Compared to normal specimens, 43 highly upregulated and 8 downregulated ARGs respectively and their normal counterparts in HCC specimens were screened. KEGG analysis demonstrated pathways correlated with these 51 genes which included MAPK, P53, TNF, PI3K-Akt signaling pathways. With Cox regression, 5 prognostic correlated with ARGs (PPP2R5B, SQSTM1, TOP2A, BMF, and LGALS3) were obtained to develop the prognosis model. According to the median of risk scores, patients were categorized into high-risk and low-risk groups. Patients in low-risk groups had a significantly higher two-year or five-year survival probability (p < 0.0001). The risk model had better potency than other clinical characteristics, with the area under the ROC curve (AUC = 0.741). Prognosis of HCC patients was established from a plotted nomogram.
This present study established a novel prognostic risk model for predicting HCC according to the expression of ARGs. The present advancement can potentially contribute to prediction prognosis and individualized treatment of HCC patients.

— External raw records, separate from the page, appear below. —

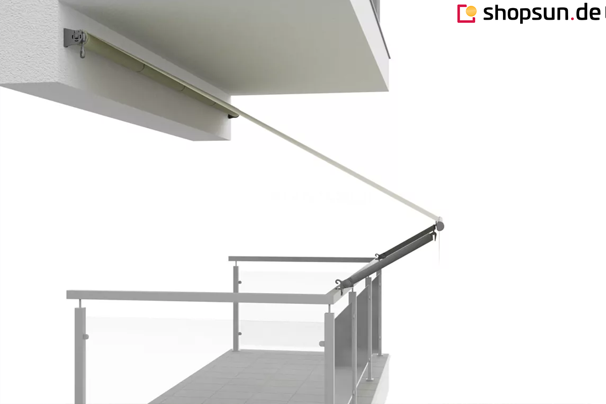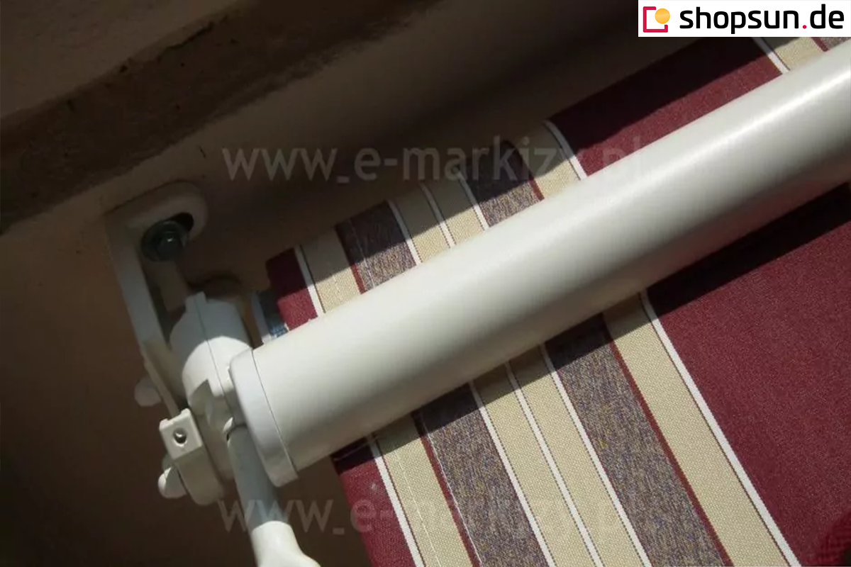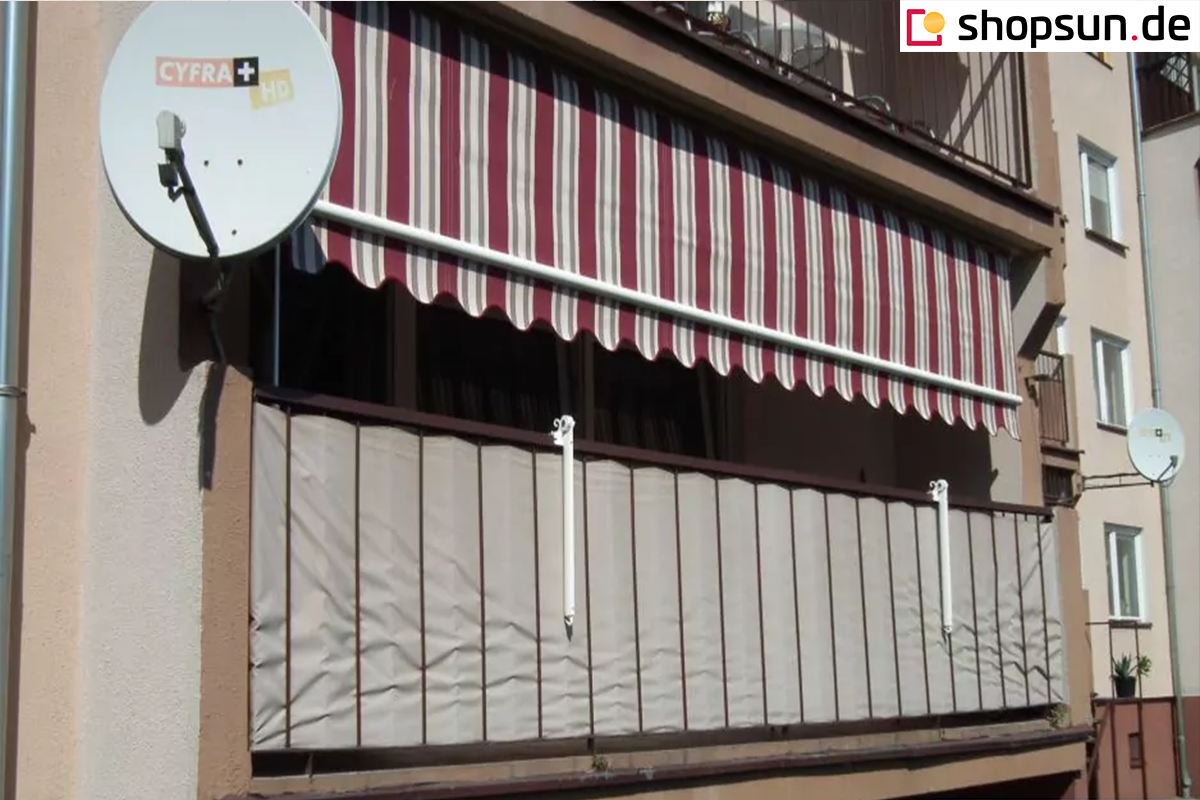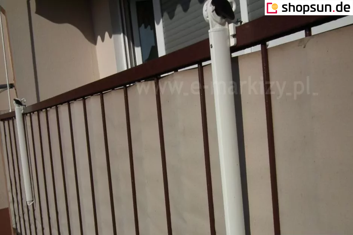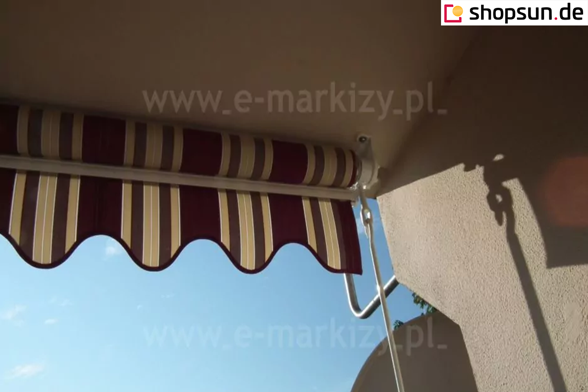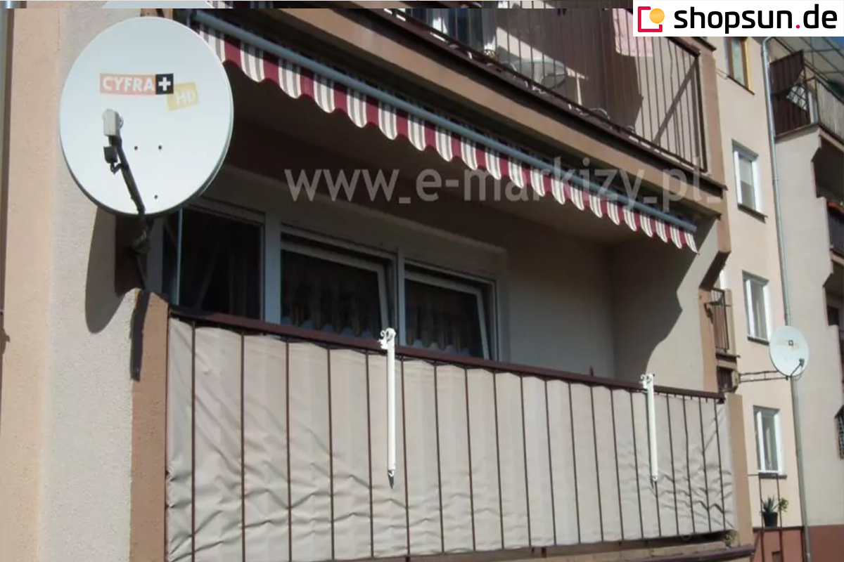 An den Enden und an der Basis der Arme befinden sich Haken, an denen der vordere Balken mit dem Stoff befestigt wird. Die richtige Spannung der Markise wird durch Aufrollen des überschüssigen Tuchs erreicht. Die Geländer-Balkonmarkise ist die am häufigsten gewählte Balkonüberdachung.
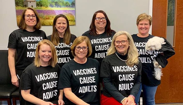 Legacy Pediatrics PA Kate Shand said she got an idea when she saw a meme and decided to turn into a t-shirt. The black t-shirts emblazoned with bold white letters in all caps, saying “Vaccines Cause Adults.” The pediatrics provider posted a picture of their team wearing the shirts on their Facebook page next to the caption “Vaccines. Save. Lives.” to combat the misinformation often found online about their side effects.
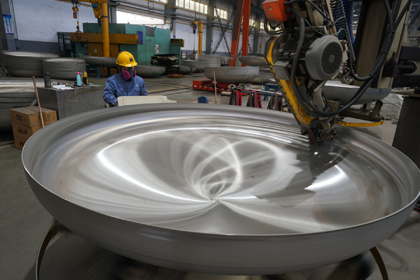 工人在位于興仁鎮(zhèn)的南通四方罐式儲(chǔ)運(yùn)設(shè)備制造有限公司標(biāo)罐車間忙碌。
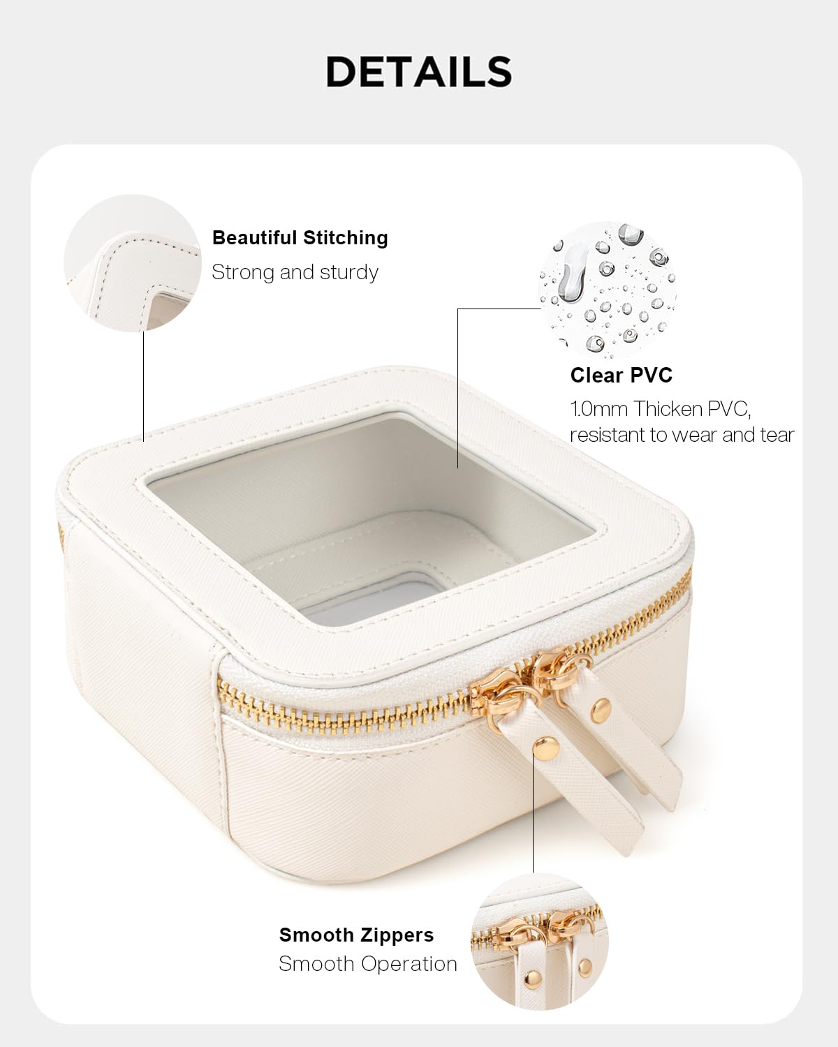 - ✈️CAR MUST HAVE ESSENTIALS CLEAR MAKEUP BAG : Large Size Measuring 9.84'' x 7.67'' x 3.14''(25cm x19.5cm x 8cm), Mini Size 5'' x 4.7'' x 2''(12.7cm x 12cm x 5cm), our clear makeup bag is elegant ,and stylish, this makeup travel organizer was designed in a minimalist boxy shape and Crafted in beautiful PU leather and finished with polished hardware, the trendy makeup bag is easy to carrying in your handbag or carry-on.
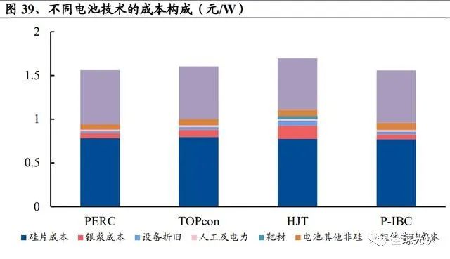 硅片端:硅片端成本差異主要來源于基地材料的選擇和硅片的厚度。硅片材料方面 TOPcon 和 HJT 使用 N 型硅片,PERC 和 P-IBC 使用 P 型硅片,硅片厚 度方面 TOPcon, PERC, P-IBC 均采用高溫工藝,使用厚度為 160μm 的硅片,HJT 低溫工藝可使用150μm硅片。N型硅片價格較P型高5-8%,則PERC,TOPcon, HJT,P-IBC 硅片端成本分別為 0.78、0.80、0.78、0.77 元/W。

Liver cancer has been ranked sixth among the most common tumors worldwide and the fourth leading cause of cancer-related mortality [1]. Among the frequent primary liver cancer, hepatocellular carcinoma (HCC) accounts for approximately 75% cases [1]. Despite the advancements in diagnosing, techniques and treatment of HCC, the survival of the patients worsens following the high rate of recurrence and metastasis [2–4]. TNM staging system is a traditional method for prognostic prediction, lacks performance accuracy in its clinical application due to substantive variations in HCC clinical outcomes [5]. Over the past decades, serum alpha-fetoprotein (AFP) has been the only biomarker available for detecting and predicting prognosis, through with low sensitivity limits its clinical utility [6]. Therefore, identification of a novel prognostic biomarker and an advanced prognostic model for HCC patients is of paramount importance.
Bioinformatics analysis had been extensively adopted over the past few years as an effective tool in exploring functions of numerous differentially expressed genes (DEGs) and determining the complexity of HCC occurrence and development [7, 8]. Hub genes and pathways associated with pathogenesis and prognosis of HCC via a series of bioinformatics analyses were established by Meng et al [9]. However, these studies usually ignore clinical information such as sex, age, grade, and stage of tumors. It may be very innovative to construct a prognostic model combining patient’s gene expression level and clinical information. Hepatocarcinogenesis develops following the imbalance between proliferation and apoptosis [10]. Results of a recent study had revealed that the spindle and kinetochore-related complex subunit 3 (SKAT3) overexpressed in HCC potentially inhibits p53 activation by binding to cyclin-dependent kinase 2 (CDK2), before impeding cell apoptosis and promoting cancer cell proliferation [11]. Besides, several biomolecules may influence HCC prognosis by regulating apoptosis-related genes or apoptosis-related pathways [12–14]. Association of the haplotype of the apoptosis-related gene CDKN1B with the prognosis of HCC patients who underwent surgical resection were reported by Yu et al [15]. CCT/ACT haplotype patients had lower overall survival rates than those with common ACT/CCT haplotype. Thus, ARGs can potentially assess HCC prognosis.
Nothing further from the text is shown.